The junior with the ledger continued his journey and the pens began to move again, but there was a curious air of listening in the room although no one turned or looked at Pitt.
“Do you by any chance recall who they were?” he asked.
“Not by chance, sir, by memory,” the clerk replied. “Mr. Stafford himself, Mr. Ignatius Livesey, Mr. Morley Sadler, Mr. Edgar Boothroyd and Mr. Granville Oswyn. Yes, that is correct. I believe Mr. Sadler has retired from the bench now, and I heard Mr. Boothroyd had moved to the Chancery division. Surely the case is no longer of any interest? As I recall, it was denied at appeal. There really were no grounds for opening up the matter again, none at all. Dear me, no. The trial was conducted with perfect propriety, and there was most certainly no new evidence.”
“You are speaking of the appeal?”
“Of course. What else?”
“I had heard that Mr. Stafford was still interested in the matter, and had interviewed several of the principal wit
nesses again in the last few days.”
Again the writing stopped and there was a prickly silence.
“Indeed? I had not heard that!” The clerk looked quite taken aback. “I cannot imagine what that would mean. However, it did not concern these chambers, Mr.—er … Mr. Pitt, you say? Quite so—Mr. Pitt. We prosecuted the case, we did not defend. That, as I recall, was Mr. Barton James, of Finnegan, James and Mulhare, of Fetter Lane.” He frowned. “Although it is most odd that Mr. Stafford should be enquiring in the matter. If indeed there is some new evidence come to light, I would have thought Mr. James should take it up—if it is of any importance?”
“Miss Macaulay, Godman’s sister, appealed personally to Mr. Stafford,” Pitt explained.
“Oh dear, yes indeed. A most tenacious young woman-most misguided.” The clerk shook his head. “Unfortunate. An actress person, I believe. Most unfortunate. Well, sir, what is it that we may do for you?”
“May I see Mr. Pryce, if he is available? He was at the theater yesterday evening, and Mr. Stafford also called upon him earlier in the day. He may be able to give us some information which will throw further light upon Mr. Stafford’s death.”
“Indeed. He was a personal friend of Mr. and Mrs. Stafford; possibly Mr. Stafford confided some concern for his health. He has a client with him at the moment, but I do not believe he will be long. If you care to take a seat, sir, I will inform him that you are here.” And with that he bowed very slightly, a stiff gesture, rather like a black crow that was about to peck and changed its mind. Pitt watched him walk away between the desks and files and high-backed stools where young men sat bent over books, scribbling industriously. Not one of them looked up as he passed.

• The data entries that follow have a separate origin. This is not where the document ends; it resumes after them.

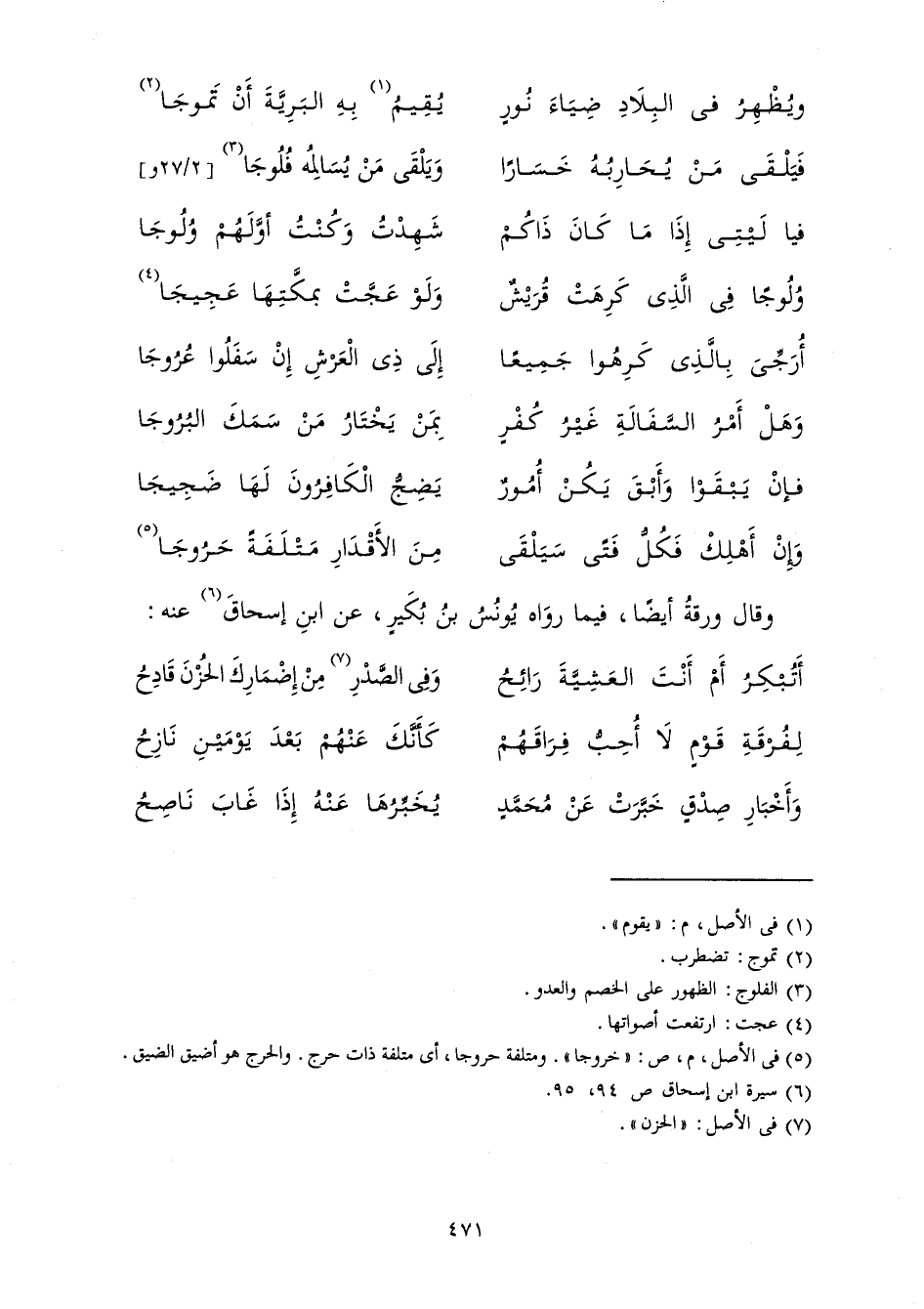 وَقَالَ وَرَقَةُ أَيْضًا فِيمَا رَوَاهُ يُونُسُ بْنُ بُكَيْرٍ عَنِ ابْنِ إِسْحَاقَ عَنْهُ: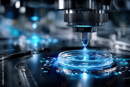 Futuristic Microscope Analyzing Sample in Petri Dish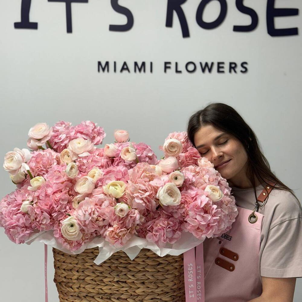 Basket - 1 шт. hydrangea pink - 13 шт. ranunculus - 10 шт.

It was over a quarter of an hour before the clerk returned to say that Mr. Pryce was free now, and conducted Pitt to his heavily ornate office, where carved oak chests and bookcases held a library of law books, and the mellow gleam of polished wood reflected the warmth of the fire. Two well-curtained windows looked out onto a small shaded courtyard. The single tree was already bright with autumn colors and the grass was sorely in need of clipping.